While the eventual outcome of such an action is rarely in question, how the property owner will be compensated for the involuntary loss often comes into question.

Resolving disputes between property owners and what’s called “condemning authorities” is the practice focus for Menelaos “Manny” Papalas and Chuck Griffith at Papalas | Griffith.

“We like to get out in front of it, as soon as we know it’s coming,” Papalas said.

The firm monitors government agencies that condemn private property through eminent domain for infrastructure improvement projects such as roads.

“We bring that information to people who are going to have takings. It benefits them to be thinking about it as far in advance as they can. It’s even better if they have us thinking about it,” Papalas said.

The amount of compensation for the property taken is usually the issue. Condemning authorities tend to be conservative in their initial assessment of the fair value of property that will be taken through eminent domain.

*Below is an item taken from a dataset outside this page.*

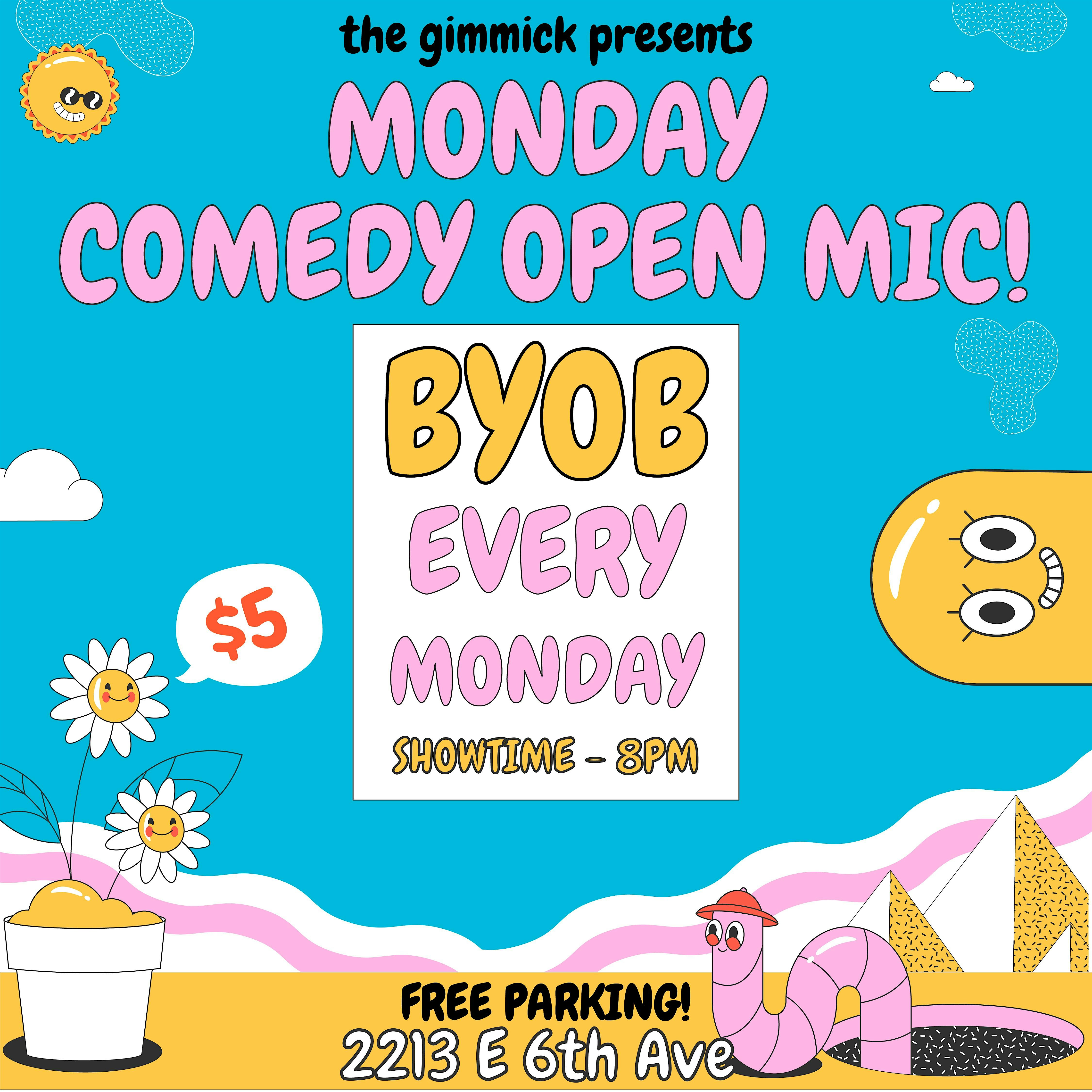 MONDAY COMEDY OPEN MIC @ THE GIMMICK at The Gimmick – Tampa, FL MONDAY COMEDY OPEN MIC @ THE GIMMICK at The Gimmick – Tampa, FL 4 4 people viewed this event. Shhh! It’s a secret comedy show! Come check out some of Tampa’s best comics! BYOB! Tickets-RSVP Link Register for event Date And Time Monday, April 27th, 2026 @ 08:00 PM Location The Gimmick 2213 East 6th Avenue, Tampa, FL 33605 Event Types Concert or PerformancePerforming & Visual Arts Event Category FloridaTampa Share With Friends Facebook Twitter Linkedin Xing Pinterest

“Sometimes, the government doesn’t know what’s unique about a property or doesn’t understand its value,” Griffith said.

For example, the firm represented a group of clients that owned land and businesses on a side street extending from a main commercial road that was being improved.

The change to the side street was limited to installation of a sidewalk, so the government made small offers to the landowners.

The offers were for only the value of the land under the proposed new sidewalk, but the road project would have “very significant impacts on the businesses and the land values” during construction, Papalas said.

He said one of the clients was a food-testing laboratory with customers that had to have easy access to the business, otherwise, samples could spoil and endanger the laboratory’s bottom line.

“The county offered the food lab $3,100 and the ultimate recovery was $640,000,”  Papalas said.

Another business adjacent to the project owned a vacant office building.

Papalas said local knowledge of the road project and its expected traffic impact prevented the owner from leasing the building during the construction.

The county offered the owner less than $15,000; the recovery was $355,000.

Papalas said the third client was a dry cleaner – one of the most convenience-oriented business types. 

The government offered the business owner no compensation because he was a tenant, not the property owner. Legally, he could seek only lost profits as business damages.

The firm reached a settlement of $144,000 for the client.

“Sometimes, we represent sophisticated real estate clients who understand the issues, but for more than half of our clients, it’s a one-time deal for them,” Griffith said.

The government’s authority to condemn and take private property for public projects is limited by the U.S. Constitution and also by the state constitution.

Papalas said the first eminent domain actions in Florida were related to the expansion of railroads as the state became a destination for tourists and developers.

The state moved to protect landowners from unfair property forfeiture by law and pays the legal fees for property owners with eminent domain disputes.

“Florida really puts people on a level playing field,” Papalas said.